The in_context_learning/
folder consists of code designed for in-context learning with a (larger) LLM.
- icl_prompting.py: Implements methods for in-context prompt improvement by loading examples of prompts and their high-quality paraphrases, and applying them to refine user prompts. It supports batch processing of prompts, generating outputs based on pre-defined in-context examples and integrating external API responses for prompt enhancement.
The training/
folder contains scripts and configurations necessary for compiling, formatting, and fine-tuning LLMs on structured datasets for enhanced text-to-image alignment.
-
compile_existing_data.py: Aggregates processed datasets by combining and de-duplicating files, ensuring a structured dataset ready for model training or evaluation, with options to remove temporary files after compilation.
-
finetune.py: Facilitates model fine-tuning with parameters for tokenization, LoRA configurations, and specific model arguments, using Hugging Face's Trainer for causal language models. It supports configurable evaluation and saving mechanisms tailored for efficient fine-tuning on GPU.
-
format_input_data.py: Formats raw input data into various predefined structures compatible with specific models (e.g., Hugging Face, Qwen, Gemma), converting prompts into detailed formats suitable for training and inference with text-to-image alignment objectives.
This section provides an overview of the bash scripts included in the research_exp_scripts/
and util_scripts/
folders.

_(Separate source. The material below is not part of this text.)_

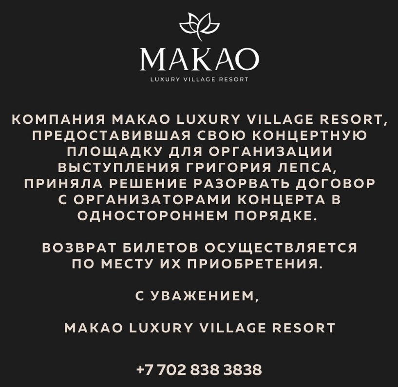"Компания Makao Luxury Village Resort, предоставившая свою концертную площадку для организации выступления Григория Лепса, приняла решение разорвать договор с организаторами концерта в одностороннем порядке. Возврат билетов осуществляется по месту их приобретения", - говорится в сообщении компании.

Each script serves specific functions in data preparation, model training, and inference, facilitating streamlined and reproducible experimentation.
The research_exp_scripts/
folder contains scripts for conducting various experiments, such as data generation, scoring, and model-specific evaluations.
- generation_mistral.sh: Runs the generation pipeline with the Mistral model, generating improved prompts based on specified evaluation data.

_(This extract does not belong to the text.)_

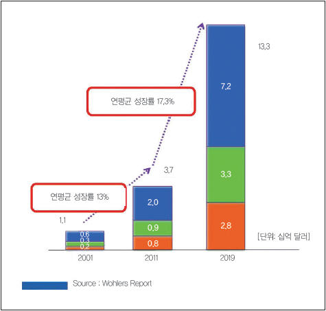 전 세계 3D 프린팅 및 관련 서비스 시장 규모는 계속해서 증가할 것으로 보인다(그림 6). 2001년 11억 달러였던 시장은 2011년 37억 달러 규모로 성장해 연평균 13%의 성장률을 보였다. 2019년 예상 시장 규모는 133억 달러로 연평균 17.3%의 성장률을 보일 것으로 전망된다.

- mistral.sh: Initiates training for the Mistral model using specified datasets, calling a general training function with the model configuration.
- score_original_test_prompts.sh: Scores the original test prompts using the specified model and scoring configuration.
- train_data_generation.sh: Runs data generation for training, generating prompts with ChatGPT in an iterative mode for the specified dataset.
The util_scripts/
folder includes utility scripts for environment setup, directory management, and script execution, supporting both infrastructure setup and training pipelines.
- constants.sh: Defines global environment variables and dataset paths used across different scripts.
- functions.sh: Provides helper functions for directory creation and file management.
- init.sh: Installs necessary dependencies and sets up environment configurations for NCCL (multi-GPU communication), preparing the system for distributed training.
- run.sh: Contains functions to execute and score inference processes, setting up dataset paths and configurations for iterative and scoring modes.
- train.sh: Runs the training pipeline for a specified model, combining datasets, formatting inputs, and launching distributed training for fine-tuning with various configurations.